Architecture

The keys to the new Sant Jordi Club: flexible and with urban vocation

The architect Jorge Vidal and the Parisian studio Bruther win the competition to build a new auditorium for 9,000 people in Montjuïc

Display of the future Sant Jordi Club
3 min

BarcelonaThe Sant Jordi Club was, in reality, a training ground annexed to the Palau Sant Jordi. For decades, however, the Sant Jordi Club has functioned as a concert hall with the quality of a shoebox, and as a residual piece in the complex of the Olympic Ring of Montjuïc. The access and the surroundings are rather depressing. The winning project for the new Sant Jordi Club, which was made public this Wednesday, aims to break with all these inertias: the architect Jorge Vidal (Barcelona, 1980) and the Parisian studio Bruther, formed by Stéphanie Bru and Alexandre Thériot; have won the competition called by Barcelona Serveis Municipals (BSM) with a project that, beyond a new building, includes improving the connection with the southern sector of the Olympic Ring and the landscape restoration of the surroundings. The future Sant Jordi Club will have a capacity of 9,000 people, almost triple the current 3,500. Vidal i Bruther's project is characterized by its flexibility of uses. To create good acoustics, it proposes the construction of a rather hermetic acoustic box within the building. The technical equipment will allow it to be divided into smaller spaces with dividing panels, from 1,000 people, and it will also be possible to create specific layouts for events such as conferences and fashion shows. The objective is that concerts can be held simultaneously at the Palau Sant Jordi and the Sant Jordi Club and that the audiences can cross paths. The budget is around 70 million euros. The forecast is to inaugurate a part of the building in 2029.

Another of the project's distinguishing features is the creation of a large foyer covered by a section of stands that will be fixed. "The trend in concert halls is that the user experience does not begin when the concert starts, but when you arrive. It's about being able to meet people outside, go into the foyer, enter the concert and leave as if it were a single continuous experience," says the architect.

Taking advantage of public space

Regarding the urban scale of the project, Vidal points out that the current Olympic Ring is a series of platforms "disconnected" from the southern part of the complex. For this reason, his project includes a series of "landscape paths" from the future L2 metro station to the west side of the Sant Jordi Club. "It is about giving civic continuity to the entire ring. Now, people go to concerts, arrive and leave. They don't take advantage of all this public space we have," laments Vidal.

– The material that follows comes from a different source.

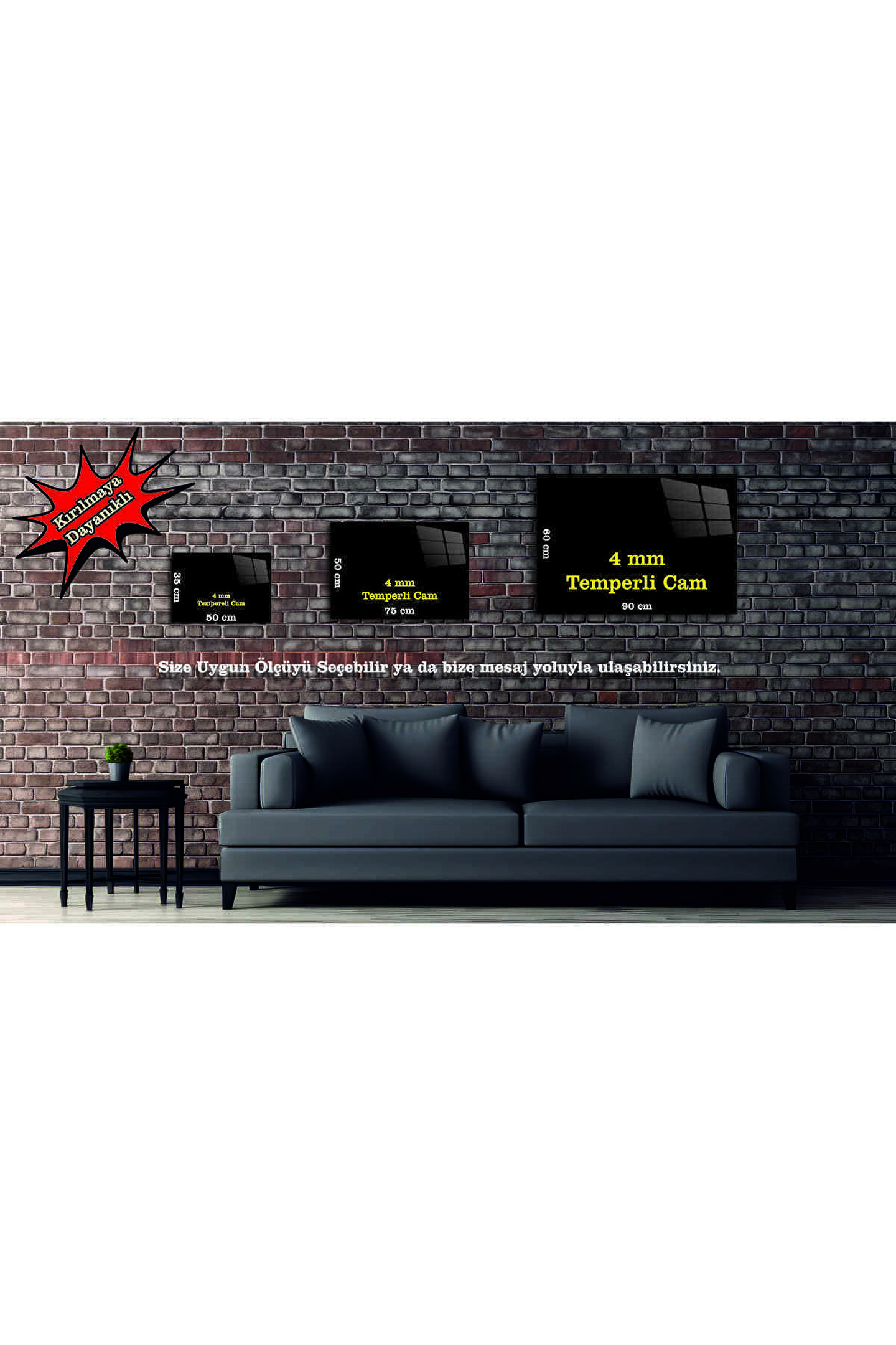 Trendyol.com'da satışa sunduğumuz bu özgün tasarımlı "Kişiye Özel Resimli Renkli Baskı Cam Tablo Duvar Dekoru", ev ya da ofisinizde hem size özel bir hava katarken hem de dekorasyonunuza modern bir dokunuş kazandıracaktır. Çocuğunuzun resmini veya fotoğrafını, çocuğunuzun yaptığı resmi, kendi yaptığınız resmi, yapay zeka ile oluşturduğunuz tasarımı, aile resminizi ya da fotoğrafınızı, özel gününüzden bir fotoğrafı kalıcı hale getirmek için bizi tercih edebilirsiniz. Bu duvar tablosu, 4 mm kalınlığında kırılmaya dayanıklı temperli camdan üretilmiştir. Kişiye özel fotoğraflarınızı kullanarak özel bir tablo tasarlamaktayız. Kişiye özel cam tablo kategorisinde, kendine yer bulan bu tablo, her türlü mekana çarpıcı bir görünüm kazandırır. ÖNEMLİ NOT: Lütfen baskısını yaptıracağınız resim ya da fotoğrafların çözünürlüğünün yüksek olmasına dikkat ediniz. ; Baskısını yaptıracağınız resmi veya fotoyu ---- www hizliresim com ---- adresine yükleyip, oluşturduğunuz linki kopyalayıp, trendyol ürün sorularından SİPARİŞ NUMARANIZ ile birlikte bizimle paylaşmanız gerekmektedir. ; Tablo, duvar tablosu, tablo modelleri, duvar tablo, cam tablo, salon duvar tablosu, trendyol tablo, kişiye özel tablo, dekoratif tablo, kişiye özel cam tablo, temperli cam tablo, duvar süsü, ev dekorasyonu, duvar dekoru Modern ve şık dizaynı ile göz doldurur. ; Kişiye özel tasarımı ile benzersiz bir hediye alternatifi oluşturur. ; 4 mm temperli cam malzemesi, dayanıklı ve uzun ömürlü bir kullanım olanağı sunar. ; Kırılmaya ve çizilmeye karşı dayanıklıdır. ; Kolay montajı sayesinde her türlü duvar yüzeyinde rahatça kullanabilirsiniz. ; Değişken boyut seçenekleri ile her mekana uyum sağlar. ; Tasarımı ile ev, ofis, kafe gibi yerlerde göz alıcı bir duvar süsü niteliğindedir. ; Evinizin dekorasyonuna modern ve özgün bir hava katarak, yaşam alanlarınızı güzelleştirir. ; Şık tasarımı ve dayanıklı yapısı ile "Kişiye Özel Resimli Renkli Baskı Cam Tablo Duvar Dekoru"nu Trendyol.com'da kesinlikle kaçırmayın!

The respectful relationship with Arata Isozaki's legacy at the Palau Sant Jordi is also one of the project's unique features: the Sant Jordi Club will not exceed the line of the palace's dome, and there will be a ground-level continuity between the Club's court and the Palace's court. Furthermore, the structure with six large hexagonal arches proposed by Vidal reflects the proportions of the 3.6-meter spatial grid of the Palau Sant Jordi.

An architect with an experimental drive

Jorge Vidal is known in Barcelona for being the author of the Teresa Pàmies Cultural Centre, along with Carles Rahola, and for the expansion of the Mayoral gallery. Currently, he has underway the rehabilitation of the Horta Market and the Jordi Solé Tura Civic Tower in Besòs. Vidal assures that he never starts working with a closed idea and that he finds solutions based on the location, the program, and the construction techniques. "There is always an interest in trying to discover new ways in which space can relate to people and, therefore, to foster the maximum possible opportunities and relationships," explains Vidal. "A building must withstand the passage of time and different programs, and it must continue to resist to accommodate more possibilities. This is achieved with logical and structural clarity and from a pragmatic point of view, but we must not forget that architecture also has a poetic duty, and that space must be pleasant and have a sensory component.

Vidal also has an in-depth view of sustainability: "For me, sustainability is holistic and begins with the decision of scale and that the building can be used in all possible ways for the maximum amount of time." At the future Sant Jordi Club, sustainability will be materialized in the production of renewable energy with photovoltaic panels, aerothermal energy, rainwater recovery, the use of low-carbon and recycled materials, and the use of circular economy criteria during the works. Furthermore, landscaping will promote biodiversity, soil permeability, and natural water management. All this will contribute to reducing the urban heat island effect and improving the environmental quality of the outdoor spaces of the Olympic Ring.

The environmental conditions of the Sant Jordi Club will have to take into account whether the acoustic enclosure is rather closed, the relationship with the more open spaces of the venue, and the air renewal during the entry and exit of the public. "There is the classic discussion of whether buildings should have this capacity to close and be opaque. What I find interesting is that buildings can transform according to the time of year thanks to technology. The correct function of a building is its capacity for transformation in relation to the exterior," states Vidal.